While the process isn’t yet available in the United States, it has been trialled in Mexico and Costa Rica. It uses a low-energy laser to disrupt the pigment in the iris without damaging the tissue underneath. The results are visible for several weeks, after which the blue eyes will appear naturally.
It’s believed that blue eyes are the result of a genetic mutation that occurred 10,000 years ago. This change caused the OCA2 gene, which codes for production of a pigment called melanin, to alter its code and instead produce a blue pigment.
It is thought that this mutation began in Europe and spread to black people worldwide, but it is also possible that the genes were altered by climatic factors such as the cold and dark skies of European ancestors. This would explain why some people with brown eyes and black skin are found in tropical regions, while those with light colored eyes are more common in Europe and Asia.
The genetic mutation that causes people to have blue eyes is a recessive gene. This means that if both parents have this gene, there is a 25% chance that a child will have blue eyes. The gene is present in all people with a certain percentage of DNA from a white ancestor.
This gene also codes for the production of a pigment called melanin that protects the eyes from sun damage.
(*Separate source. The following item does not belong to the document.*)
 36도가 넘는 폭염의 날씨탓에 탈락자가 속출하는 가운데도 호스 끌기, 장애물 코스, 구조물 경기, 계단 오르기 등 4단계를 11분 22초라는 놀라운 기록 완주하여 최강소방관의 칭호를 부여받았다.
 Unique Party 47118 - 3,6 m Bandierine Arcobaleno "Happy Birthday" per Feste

It’s important to note, however, that many people with light-colored eyes are at greater risk of eye diseases, such as cataracts and macular degeneration.
One of the major reasons that light-eyed people are at a higher risk of eye disease is because their eyes are more sensitive to the sun’s UV rays than dark-eyed people. As a result, they are at greater risk of developing a form of eye cancer known as eye melanoma.
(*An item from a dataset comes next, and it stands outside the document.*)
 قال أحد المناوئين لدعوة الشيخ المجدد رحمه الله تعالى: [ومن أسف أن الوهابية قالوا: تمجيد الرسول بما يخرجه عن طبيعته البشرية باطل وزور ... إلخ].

Because of this, it’s important to wear sunglasses and avoid direct sunlight whenever possible, particularly in the sun’s hottest hours. Those with blue eyes are even more at risk, because their eyes have less pigment than those with darker eye color, which makes them more susceptible to the effects of the sun’s rays.
In addition to being at higher risk of eye disease, blue eyes are also more prone to developing a form of cancer known as melanoma, which is the most deadly of all types of cancers. Fortunately, melanoma is rare, occurring in about six out of every million people.